◆ **Description of the task**:
Only text is carried over. Reproduce the entries below exactly.

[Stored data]
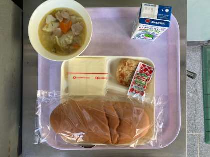 今日のメニューは「豆腐ハンバーグ・カリフラワーのスープ煮・スライスチーズ・黒糖パン・牛乳」の5品です。
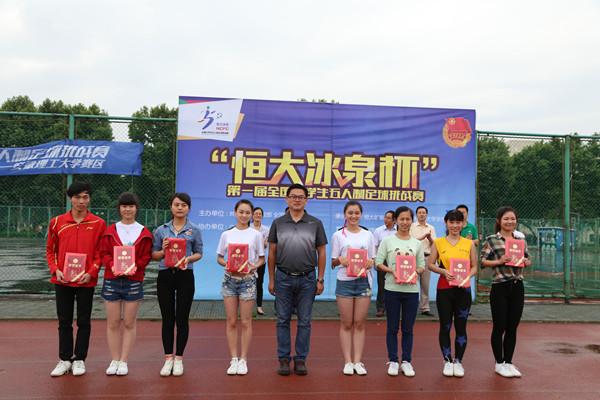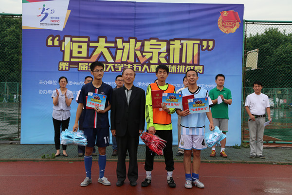 6月4日下午,安徽理工大学首届大学生五人制足球联赛决赛在北校区操场举行。副校长叶醒狮,体育部、校团委和部分学院负责人到场观看了精彩的比赛,并为获奖的足球队、啦啦操队颁奖。
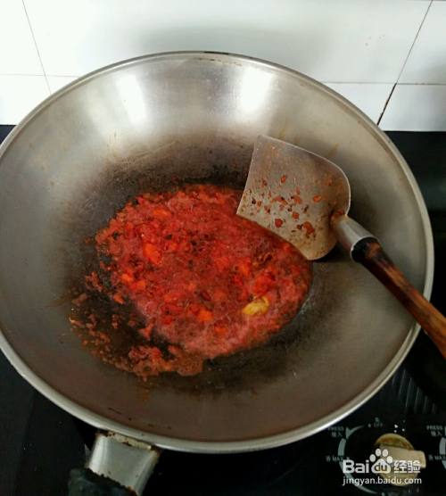把胡萝卜和西红柿的汁也倒入炒炒。
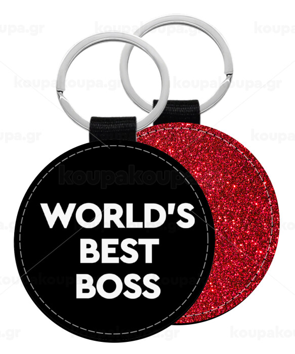 World's best boss, Μπρελόκ Δερματίνη, στρογγυλό ΚΟΚΚΙΝΟ (5cm)
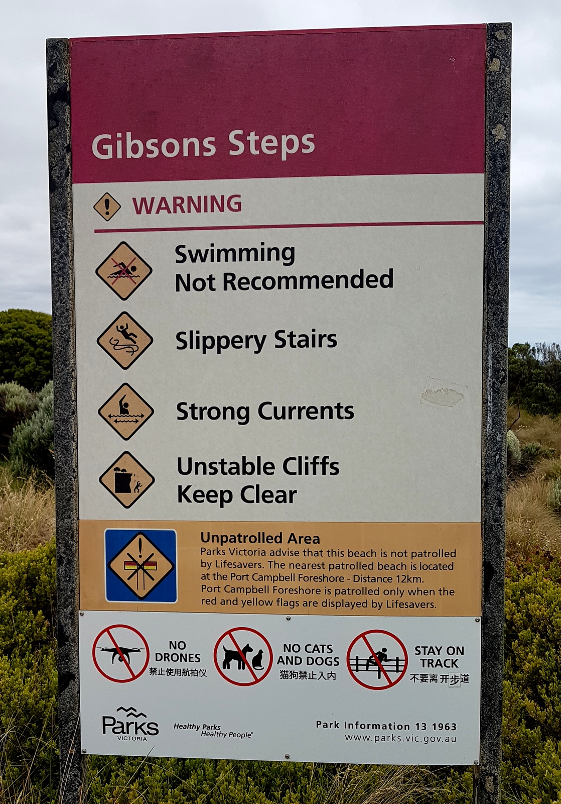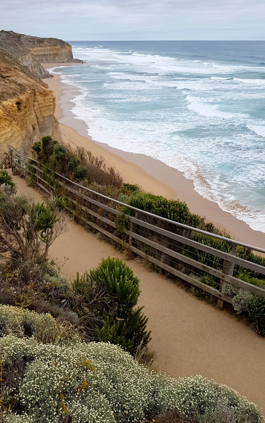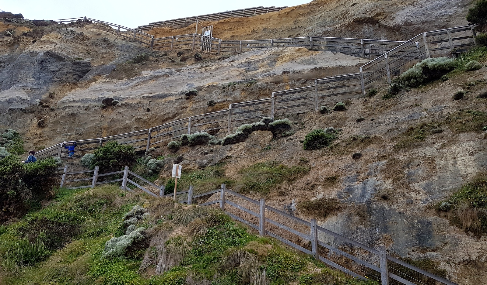 On doit revenir sur nos pas car les Gibson Steps se situent 1 km avant les 12 Apôtres. Arriver aussi tôt garantit également de pouvoir trouver à se garer sur le (petit) parking du site sinon il faut aller à l’immense parking des 12 Apôtres et parcourir à pied ce kilomètre sur un sentier balisé.

◆ **Written solution**:
 今日のメニューは「豆腐ハンバーグ・カリフラワーのスープ煮・スライスチーズ・黒糖パン・牛乳」の5品です。
 6月4日下午,安徽理工大学首届大学生五人制足球联赛决赛在北校区操场举行。副校长叶醒狮,体育部、校团委和部分学院负责人到场观看了精彩的比赛,并为获奖的足球队、啦啦操队颁奖。
把胡萝卜和西红柿的汁也倒入炒炒。
 World's best boss, Μπρελόκ Δερματίνη, στρογγυλό ΚΟΚΚΙΝΟ (5cm)
 On doit revenir sur nos pas car les Gibson Steps se situent 1 km avant les 12 Apôtres. Arriver aussi tôt garantit également de pouvoir trouver à se garer sur le (petit) parking du site sinon il faut aller à l’immense parking des 12 Apôtres et parcourir à pied ce kilomètre sur un sentier balisé.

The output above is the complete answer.